TASK ITEM ▸
Using the data below, set down every line from the one containing "Cut pieces of" through the one containing "Ladies, complete your", inclusive and unchanged. Pictures are to be skipped.

== LISTED RECORDS ==

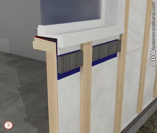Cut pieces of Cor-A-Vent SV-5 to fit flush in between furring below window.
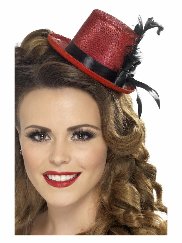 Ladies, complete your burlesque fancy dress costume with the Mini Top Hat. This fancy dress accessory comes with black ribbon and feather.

===
== LISTED RECORDS ==

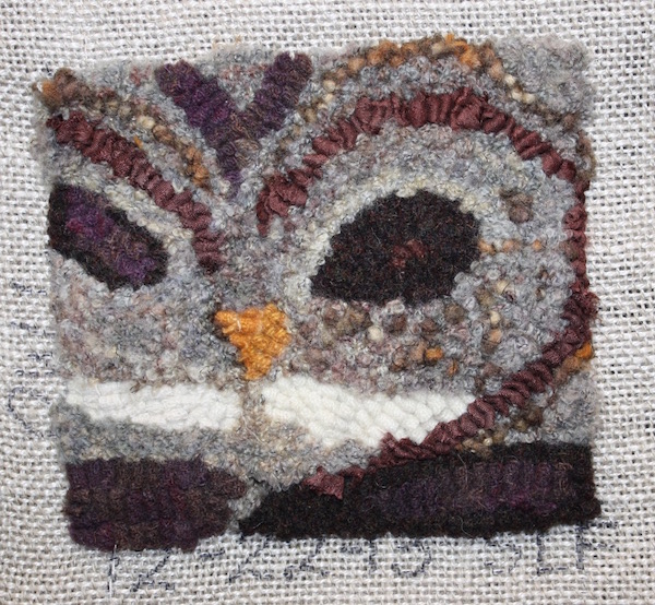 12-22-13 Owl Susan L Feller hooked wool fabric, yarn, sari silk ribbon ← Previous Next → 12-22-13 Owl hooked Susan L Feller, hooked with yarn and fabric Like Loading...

===

ANSWER ▸
Cut pieces of Cor-A-Vent SV-5 to fit flush in between furring below window.
 Ladies, complete your burlesque fancy dress costume with the Mini Top Hat. This fancy dress accessory comes with black ribbon and feather.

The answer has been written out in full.